The next couple of lines define the design files location and filenames. Following that is the host compiler settings and kernel compiler and linker settings. Notice that in the last line of kernel linker setting, DDR banks are assigned to each port. You don't need to modify any of the options here but you may want to play with them after finishing this tutorial.

Exit Makefile view window and let's take a look at the design files.

Overview of the source code used in this example

The project is comprised of two files:
- idct.cpp contains the code for the host application running on the CPU.
- krnl_idct.cpp contains the code for the kernel (custom accelerator) running on the FPGA.
Open the krnl_idct.cpp file.
- The idct function is the core algorithm implemented in the custom hardware accelerator.
- This computationally heavy function can be highly parallelized on the FPGA, providing significant acceleration over a CPU-based implementation.
- The krnl_idct function is the top-level for the custom hardware accelerator. Interface properties for the accelerator are specified in this function.
- The krnl_idct_dataflow function is called by the top-level function and encapsulates the main functions of the accelerator.
- The read_blocks function reads from global memory values sent by the host application and streams them to the execute function.
- The execute function receives the streaming data and, for each 8x8 block received, calls the idct function to perform the actual computation. Streams the results back out.
- The write_blocks function receives the streaming results from the execute function and writes them back to global memory for the host application.
Open the idct.cpp file.
- The main function of the C++ program initializes the test vectors, sets-up OpenCL, runs the reference model, runs the hardware accelerator, releases the OpenCL resources, and compares the results of the reference IDCT model with the accelerator implementation.
- The runFPGA function takes in a vector of inputs and, for each 8x8 block, calls the hardware accelerated IDCT using the write, run, read, and finish helper functions.
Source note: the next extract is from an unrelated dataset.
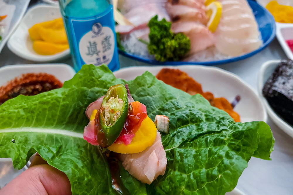 밤바다를 보며 신선한 회와 삼합을 즐기며
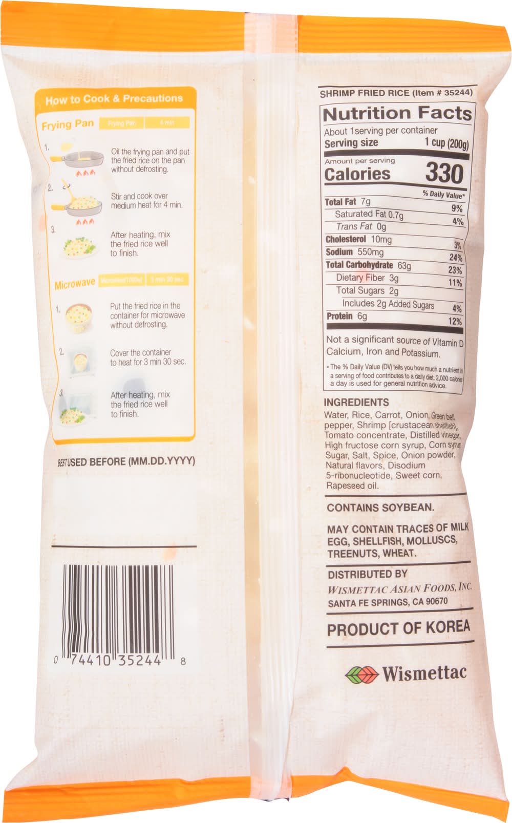 Directions for use: Pan Fry: Frying Pan: 4 min: 1. Oil the frying pan and put the fried rice on the pan without defrosting. 2. Stir and cook over medium heat for 4 min. 3. After heating, mix the fried rice well to finish. Microwave: Microwave: Microwave (1000w): 3 min 30 sec. 1. Put the fried rice in the container for microwave without defrosting. 2. Cover the container to heat for 3 min 30 sec. 3. After heating, mix the fried rice well to finish. How to Cook & Precautions: Keep frozen. Best used before (MM.DD.YYYY). Storage recommendation: Keep frozen.

These function use OpenCL API calls to communicate with the FPGA and are covered in greater detail later in this lab.
- The runCPU function takes in a vector of inputs and, for each 8x8 block, calls idctSoft, a reference implementation of the IDCT .
- The idctSoft function is the reference software implementation of the IDCT algorithm, used in this example to check the results coming back from the FPGA.
- The oclDct class is used to encapsulate the OpenCL runtime calls to interact with the kernel in the FPGA.
- The aligned_allocator, smalloc, load_file_to_memory, and getBinaryName functions are small helper functions used during test vector generation and OpenCL setup.
Go to line 520 of the idct.cpp file.

This section of code is where the OpenCL environment is setup in the host application. This section is typical of most SDAccel application and will look very familiar to developers with prior OpenCL experience. This body of code can often be reused as-is from project to project.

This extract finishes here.